EXERCISE DIRECTIONS: Please copy the data exactly as it stands, minus the images.

STORED DATA:

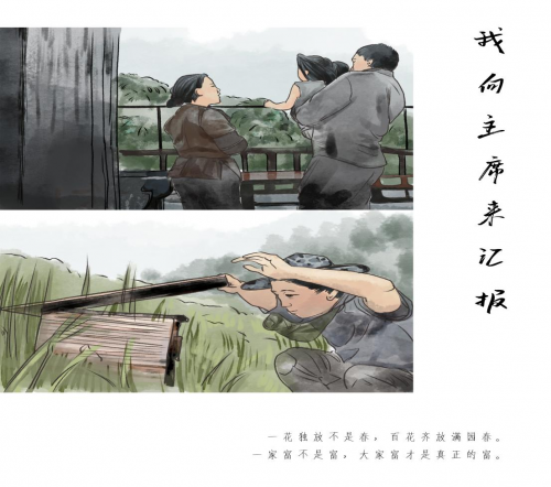 四人分别代表老弱、青年、女性、干部群体,共同构成小康路上的立体样本。
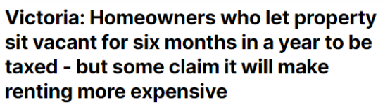例如维州政府就早已宣布,自今年起,一年内空置房屋超过6个月的房主将被要求缴纳额外税款。
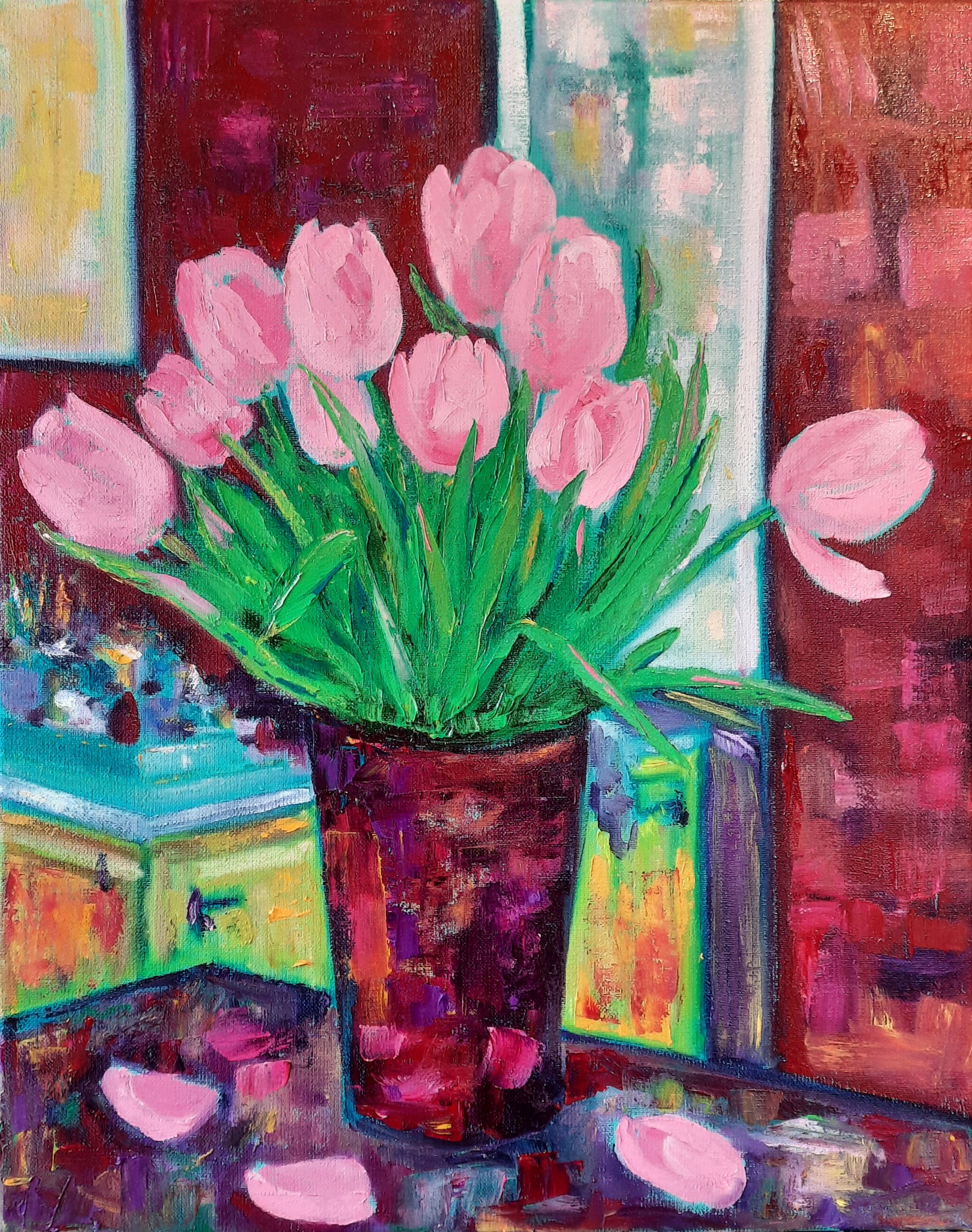Roze tulpen in rode vaas Olieverf op doek 40x50 cm 2025

OUTPUT FOR THIS TASK:
 四人分别代表老弱、青年、女性、干部群体,共同构成小康路上的立体样本。
例如维州政府就早已宣布,自今年起,一年内空置房屋超过6个月的房主将被要求缴纳额外税款。
Roze tulpen in rode vaas Olieverf op doek 40x50 cm 2025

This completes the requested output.